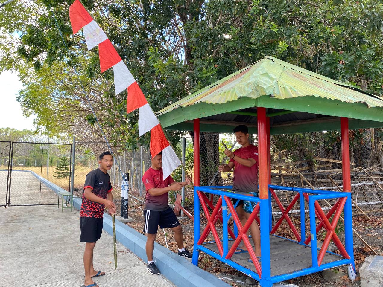 Pelatihan PBB dilaksanakan di halaman PLBN Kecamatan Insana Utara, dengan tujuan memeriahkan HUT RI ke-80. Setelah pelatihan, suasana semakin meriah ketika Serda Sumar dan seluruh pegawai PLBN secara serentak memasang umbul-umbul bendera dan ornamen kemerdekaan di sekitar Pos Wini. Dengan semangat kebersamaan yang tinggi, mereka bekerja bahu-membahu, menciptakan suasana yang penuh kegembiraan dan kebanggaan untuk menyambut hari bersejarah ini.
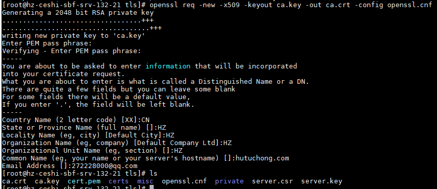 openssl req -new -x509 -keyout ca.key -out ca.crt -config openssl.cnf
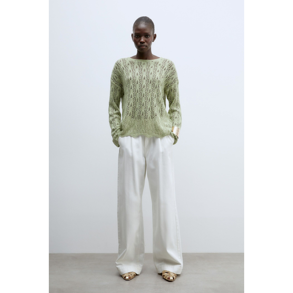 Jersey calado de manga larga y cuello barc
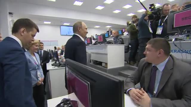 Как сообщает ТАСС, российский лидер посетил операционный центр, расположенный в помещениях Сибирского федерального университета. Там на большие экраны выводятся записи с камер, которые снимают места соревнований и деревню Универсиады. Это позволяет МВД, ФСБ и МИД в реальном времени наблюдать за происходящим.
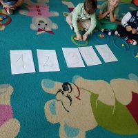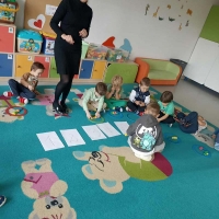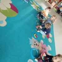 Zajęcia ruchowe z wykorzystaniem czarodziejskiego dywanu dzieci z grupy Jeżyki.
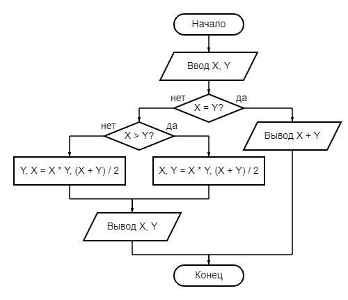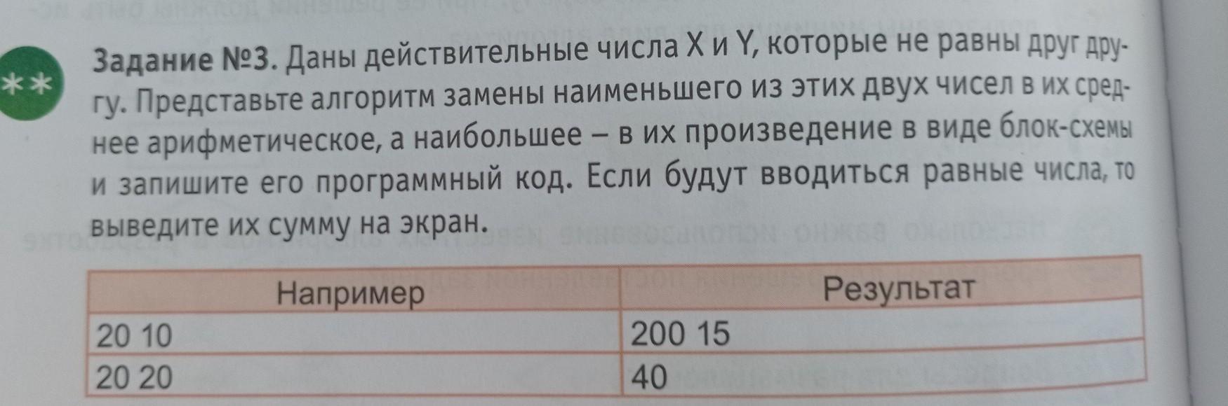Задание №3. Даны действительные числа ХиҮ, которые не равны друг дру- гу. Представьте алгоритм замены наименьшего из этих двух чисел в их сред- нее арифметическое, а наибольшее – в их произведение в виде блок-схемы и запишите его программный код. Если будут вводиться равные числа, то выведите их сумму на экран. Например Результат 20 10 20 20 200 15 40

..............................

→ **Your assignment**: Reproduce every record exactly; images stay out.

→ **Written answer**:
 Pelatihan PBB dilaksanakan di halaman PLBN Kecamatan Insana Utara, dengan tujuan memeriahkan HUT RI ke-80. Setelah pelatihan, suasana semakin meriah ketika Serda Sumar dan seluruh pegawai PLBN secara serentak memasang umbul-umbul bendera dan ornamen kemerdekaan di sekitar Pos Wini. Dengan semangat kebersamaan yang tinggi, mereka bekerja bahu-membahu, menciptakan suasana yang penuh kegembiraan dan kebanggaan untuk menyambut hari bersejarah ini.
 openssl req -new -x509 -keyout ca.key -out ca.crt -config openssl.cnf
 Jersey calado de manga larga y cuello barc
 Как сообщает ТАСС, российский лидер посетил операционный центр, расположенный в помещениях Сибирского федерального университета. Там на большие экраны выводятся записи с камер, которые снимают места соревнований и деревню Универсиады. Это позволяет МВД, ФСБ и МИД в реальном времени наблюдать за происходящим.
 Zajęcia ruchowe z wykorzystaniem czarodziejskiego dywanu dzieci z grupy Jeżyki.
Задание №3. Даны действительные числа ХиҮ, которые не равны друг дру- гу. Представьте алгоритм замены наименьшего из этих двух чисел в их сред- нее арифметическое, а наибольшее – в их произведение в виде блок-схемы и запишите его программный код. Если будут вводиться равные числа, то выведите их сумму на экран. Например Результат 20 10 20 20 200 15 40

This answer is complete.